Proving n! > n^2 for n ≥ 4 with Induction

[jezse]

I know I have to prove this using induction, but am having some problems.

show n! > n^2 for all n >= 4

what I have so far

1) n=4; 4^2=16 < 4! = 4*3*2*1=24; 16 < 24

2) show (n+1)! > (n+1)^2


something a long the lines of..

(n+1)! = (n+1)*n!
> (n+1)*n^2
.. then what, can I just say (n+1)n^2 > (n+1)^2? or am I missing a step or 2..


thanks

 

[matt grime]

well, you must prove that

n^2(n+1) > (n+1)^2

for n > 4.

Thinking what happesn if we divide through by n+1, this it suffices to show n^2 > n+1

which is clearly true for n>1, check the original statement is true for n=4 and you are done.

 

[M98Ranger]

for your help!

Your approach is correct so far.

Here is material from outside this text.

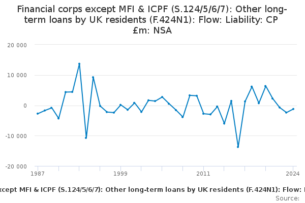 Download this time seriesFinancial corps except MFI & ICPF (S.124/5/6/7): Other long-term loans by UK residents (F.424N1): Flow: Liability: CP £m: NSA

Here's how you can continue:

3) (n+1)! = (n+1)*n!
> (n+1)*n^2 (by induction hypothesis)
= n^2 + n^3 (multiply)
> n^2 + n^2 (since n ≥ 4, n^3 > n^2)
= 2n^2 (combine like terms)
> n^2 + 2n (since n ≥ 4, 2n > n)
> n^2 + 1 (since n ≥ 4, 2n > 1)
> n^2 + (n+1) (since n ≥ 4, n+1 > 1)
= (n+1)^2 (expand and simplify)

Therefore, (n+1)! > (n+1)^2, completing the induction step.

By the principle of mathematical induction, n! > n^2 for all n ≥ 4.